1. This is an appeal by the decree-holders in O. S. No. 343 of 1936, who obtained a money decree against Muthukumaraswami Mudali with a charge on Certain items of property some of which had been previously mortgaged to defendant 3 in that suit. This second appeal arises out of a claim petition made by the respondent Muthukumaraswami Mudali's son minor Vachani Mudali represented by his mother as next friend in 1949 claiming the charged items as in his possession on the ground that in a partition deed with his father in 1939 he was allotted them and furthermore that he discharged the usufructuary mortgage Ex. A.9 to defendant 3 on 15-7-1943. In support of this discharge he filed a receipt Ex. A.1(a) which was unregistered.
The subordinate Judge held that Ex. A.1(a) was inadmissible in evidence as it was compulsorily registrable under Section 17, Clause (1), Registration Act and did not come within the exception contained in Clause (2)(xi) of Section 17. He accordingly dismissed this claim petition filed under Order 21, Rule 58 and Section 47, C. P. C., allowing it only in respect of certain items which had not been charged in the decree and had been apparently attached by mistake and holding that the claimant was not entitled to subrogation.
The learned District Judge in appeal took a different view and held that Ex. A.1(a) did not require registration. He was guided mainly by the Full (Division?) Bench decision of the Calcutta High Court in -- 'Rajani Kanta Nath v. Ali Noaz : AIR1930Cal79 . The facts in that decision were rather peculiar and I do not propose to go into them. The Bench decision of our High Court in -- 'Koti Bharna Lingappa v. Nilkantapayya Wadyar', AIR 1938 Mad 533 (B), was not placed before the learned District Judge.
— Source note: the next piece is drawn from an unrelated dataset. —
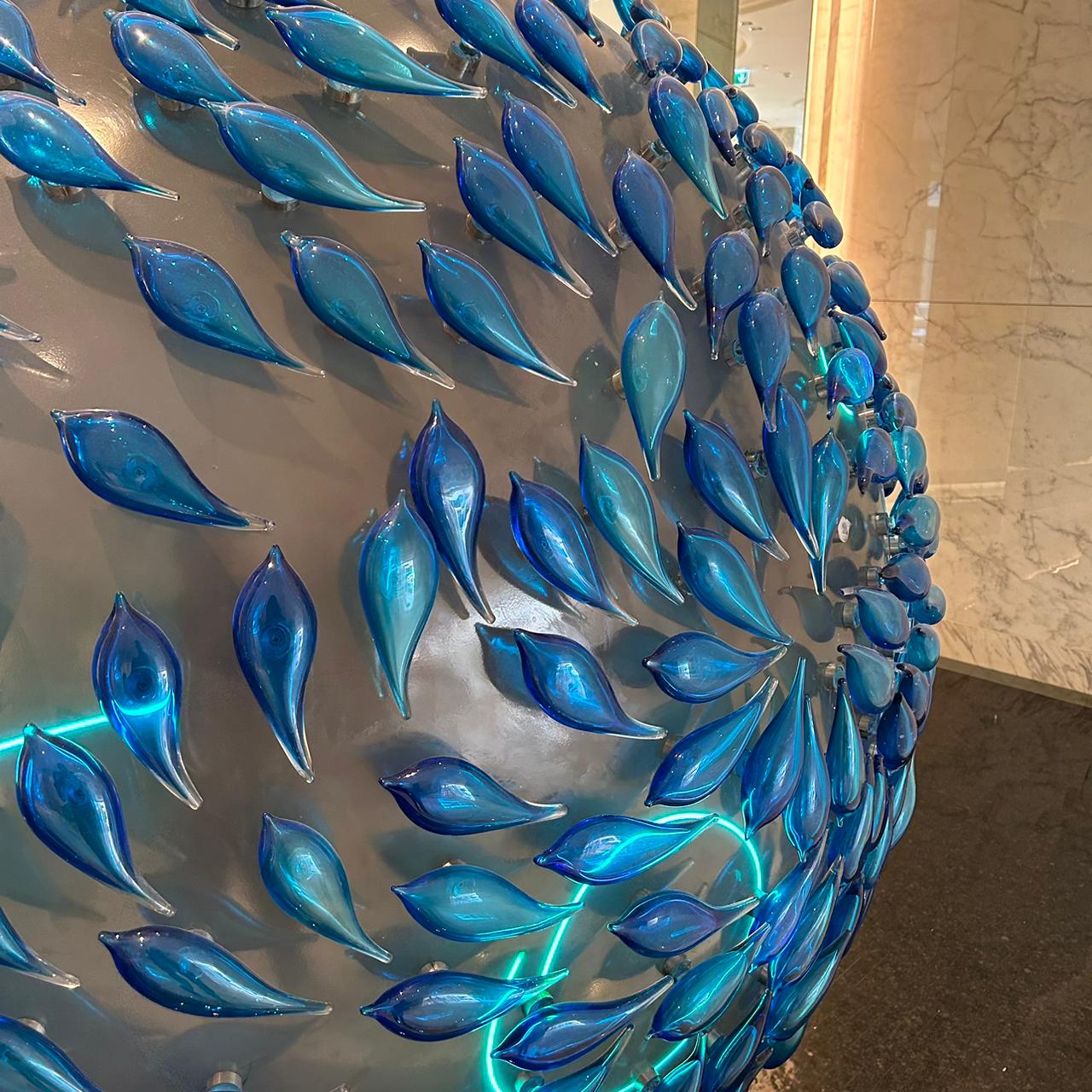 Created by renowned artist Michael Macleod, this stunning piece of art is an intricate 3m*3m structure made from glass, Murano fish and other carefully-chosen materials. Its mesmerizing hues and evocative design bring the oceans to life, while its unique story shines through every dazzling detail. It’s a captivating creation that needs to be seen up close in order to really appreciate its beauty.

It is more directly in point and it lays down quite clearly that where moneys are paid by the mortgagor to the mortgagee and the receipts which are taken purport to put an end to the mortgage rights, the receipts are compulsorily rcgistrable under Clause (1) of Section 17, Registration Act that they do not come within the exception contained in Clause 2(xi) of Section 17 of the Act and furthermore that in such a case it cannot be contended that Section 49, Registration Act is not a bar to the receipts being taken as evidence of payment of the mortgage debt.
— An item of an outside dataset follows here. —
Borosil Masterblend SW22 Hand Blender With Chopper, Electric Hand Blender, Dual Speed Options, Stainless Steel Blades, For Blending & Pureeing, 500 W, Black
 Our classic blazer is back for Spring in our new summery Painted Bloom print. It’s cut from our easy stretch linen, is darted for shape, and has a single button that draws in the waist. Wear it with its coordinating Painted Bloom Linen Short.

In the light of this decision by which I am bound and with which with great respect I am in agreement, the order passed by the learned Subordinate Judge appears to be correct. The finding of the learned. District Judge that respondent is entitled to subrogation is set aside.
2. Another point has been taken for the first time by learned advocate for the appellant, namely, that the rights of subrogation claimed in this case are not open to a mortgagor under Section 92, T. P. Act. He would place the son of the first defendant-decree-holder in the position of his father as mortgagor by virtue of his having been allotted these charged items at a family partition.
In strict law, however the son would be in a position of an assignee from the original mortgagor and would not be barred from rights of subrogation. Had he been the legal representative of his father, the position might have been quite different. This is a point taken for the first time in second appeal. I am far from clear how the learned District Judge entertained an appeal in the first instance under Order 21 Rule 58 by a claimant who was not a party to the suit.
The ordinary remedy he had against the learned Subordinate Judge's order was a suit under Order 21, Rule 63. No such objection was, however, taken in the lower appellate Court and the learned District Judge has passed a considered order on the merits. His order is set aside also on the merits and not on any technical grounds in the circumstances in order to put an end to this litigation, an extraordinary feature of which is that Muthukumaraswami Mudali, the original debtor, appears to be still alive, his legal representative not having been brought on record in the suit so far as the records show.
The receipt of the discharged usufructuary mortgage has been taken by his wife as guardian of his minor son, obviously in order to preserve rights of subrogation which would have been imperilled had he as a mortgagor discharged the usufructuary mortgage himself.
3. Both Advocates concede before me that 66 cents in item 22 S. No. 239/1 directed to be released from attachment by the learned District Judge as regards which no second appeal has been filed will stand released.
4. The appeal is allowed and the order ofthe Subordinate Judge is otherwise restored, withcosts.